New study finds AI depictions of Neanderthals are outdated and wrong

A new study finds that popular AI tools often portray Neanderthals using decades-old science, revealing how data access shapes digital views of the past.

Joseph Shavit
Shy Cohen
Written By: Shy Cohen/
Edited By: Joseph Shavit
The species, known scientifically as Homo neanderthalensis, has been debated for more than a century.

The species, known scientifically as Homo neanderthalensis, has been debated for more than a century. (CREDIT: Advances in Archaeological Practice)

Over the past 40 years, phones and computers have turned into the world’s largest library. Answers now arrive in seconds. With generative artificial intelligence, that speed has only increased. A question about ancient humans or heart rate changes can be answered instantly. What still lags behind is accuracy.

That gap is the focus of new research led by Matthew Magnani, an assistant professor of anthropology at the University of Maine, and Jon Clindaniel, a professor of computational anthropology at the University of Chicago. Their study, published in the journal Advances in Archaeological Practice, asks a simple question with wide impact: when AI is asked to show daily life in the deep past, does it reflect modern science or outdated ideas?

The researchers turned to Neanderthals as their test case. The species, known scientifically as Homo neanderthalensis, has been debated for more than a century. Early scientists pictured Neanderthals as hunched, primitive, and barely human. More recent work paints a different picture, showing cultural skill, social depth, and physical diversity. That long shift made Neanderthals an ideal subject for testing how AI handles changing science.

Images closest to average embedding from the four different prompts; clockwise from the top with prompt revision, with prompt revision (expert), no prompt revision (expert), and no prompt revision. (CREDIT: Advances in Archaeological Practice)

“It’s broadly important to examine the types of biases baked into our everyday use of these technologies,” Magnani said. “It’s consequential to understand how the quick answers we receive relate to state-of-the-art and contemporary scientific knowledge.”

How the Researchers Put AI to the Test

Magnani and Clindaniel began the project in 2023, as generative AI tools were becoming part of daily life.

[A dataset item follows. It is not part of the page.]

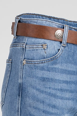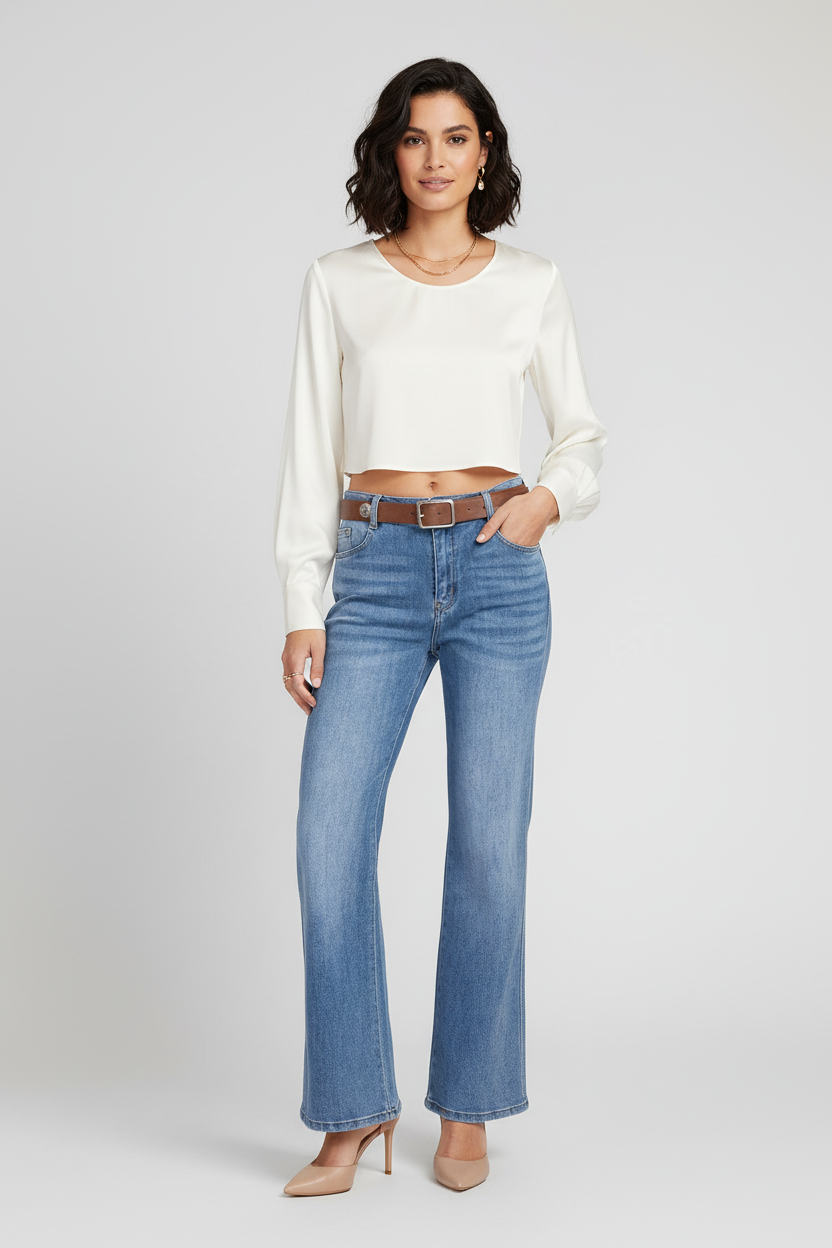 Blue Flare са дамски дънки в светъл син деним с разкрояване от коляното надолу, които издължават крака и подреждат силуета. Материята с високо съдържание на памук и добавен еластан остава стабилна на вид, но се разтяга при движение и осигурява комфорт през целия ден.
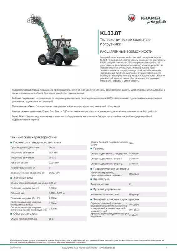 Мощный телескопический колесный погрузчик Kramer KL33.8T в серийной комплектации оснащается двигателем Deutz мощностью 55 кВт. Благодаря узкой коробчатой конструкции телескопического погрузочного устройства обеспечивается оптимальный обзор. Кроме того, телескопическое погрузочное устройство обеспечивает увеличенные рабочий диапазон, а также увеличенную высоту штабелирования и разгрузки. Кроме того, цельная рама в этой модели также обеспечивает постоянную полезную нагрузку и устойчивость.

They tested two popular systems: DALL-E 3 for images and ChatGPT using the GPT-3.5 model for written text.

For images, they created four prompts. Two asked for scenes from Neanderthal life without requesting scientific accuracy. Two asked for images based on expert knowledge. Each prompt was run 100 times, producing 400 images. Some runs allowed DALL-E 3 to rewrite the prompt with added detail. Others forced the system to use the prompt exactly as written.

For text, the team generated 200 one-paragraph descriptions of Neanderthal life. Half came from a basic prompt. The other half told the AI to respond as an expert on Neanderthal behavior.

The goal was not to trick the system. It was to see how AI performs in normal use, when people casually ask for images or explanations about the past.

What the AI Got Wrong

The results revealed a clear pattern. Much of the AI output relied on outdated science.

Availability of “Neanderthal” article content type by year in the collected Constellate dataset. (CREDIT: Advances in Archaeological Practice)

The images often showed Neanderthals as heavily hunched, covered in thick body hair, and shaped more like apes than humans. Those features reflect ideas common more than a century ago. Women and children were usually missing. Most scenes centered on muscular adult males.

The written descriptions also fell short. About half of the text did not align with modern scholarly understanding. For one prompt, more than 80 percent of the paragraphs missed the mark. The writing often flattened Neanderthal culture, downplaying diversity and skill that researchers now recognize.

Both images and text also mixed timelines in strange ways. Scenes sometimes included basketry, ladders, glass, metal tools, or thatched roofs. Those technologies are far too advanced for Neanderthals. The result was a confusing blend of primitive bodies and advanced tools.

By comparing AI output with decades of archaeological writing, the researchers could estimate which era of science the AI most closely resembled. ChatGPT’s text aligned most strongly with scholarship from the early 1960s. DALL-E 3’s images matched work from the late 1980s and early 1990s.

That finding surprised the team. It showed that even when asked to be accurate, AI often pulls from older, more accessible ideas rather than current research.

Why Data Access Shapes AI Output

One reason for this lag lies in access. Much scientific research remains behind paywalls due to copyright rules set in the early 20th century. Open access publishing did not expand widely until the early 2000s. As a result, older material is often easier for AI systems to learn from.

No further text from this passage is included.